In the kitchen, peas can be used cooked or raw in a large range of dishes with  origins from around the world. Pea soup is eaten in varying forms in many countries. Dried spilt peas are used in soups, pease pudding and dhals,  marrowfat peas form the fish and chip shop staple mushy peas, and mangetout  or sugar snaps often appear in stir fries. Dried peas are also roasted and salted as snacks. Fresh garden peas can be turned into purées, mousses or pancakes, and they can be added to salads, frittatas, curries, stews or pasta dishes. They can also be the star in dishes such as pea risottos, pea tarts and pea panna cottas.

At Winteringham Fields, in Lincolnshire, they have roast rump of Lincolnshire  lamb, confit belly, new season minted peas and endive on the lunch menu, while Dom Chapman, at the Beehive in White Waltham, is serving a risotto of sweet  young peas, broad beans, wild garlic and buffalo mozzarella.

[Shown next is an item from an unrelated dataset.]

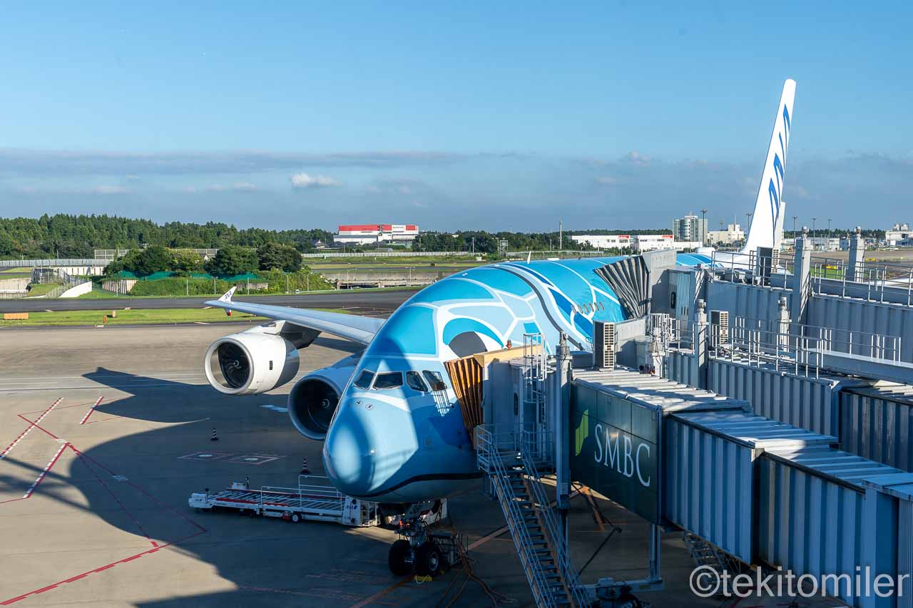 二階建てのA380に対応している54番ゲートの正面なので、午前中や夕方以降になると、フライングホヌを間近で見ることができます。

Seared scallops with garden peas and pancetta

seared-scallops

Serves 4 as a starter
2 thick rashers of pancetta or smoked streaky bacon, cut into lardons
1 large banana shallot, finely sliced
1 clove of garlic, finely sliced
25ml Noilly Prat
75ml dry white wine
200ml fresh vegetable stock
50g unsalted butter, cold and diced
Maldon sea salt and freshly ground black pepper
Lemon juice to taste
Extra virgin olive oil
8-16 scallops cleaned (quantity dependent on size)
100g blanched fresh peas

In a heavy-based pan, sauté the lardons until the fat starts to render, then add  the shallots and garlic and continue to cook until the shallots are tender. Add the alcohols and reduce rapidly to about 25ml. Add the vegetable stock and again  reduce rapidly until about 75ml of liquid remains. Gradually whisk in the butter, removing the pan from the heat as necessary to avoid the contents boiling. Once all the butter is incorporated, check the seasoning and adjust with salt, pepper
and the lemon juice. Heat a non-stick pan over a medium heat and add a little oil.
Season the scallops on one side only with Maldon sea salt and place carefully in the hot pan.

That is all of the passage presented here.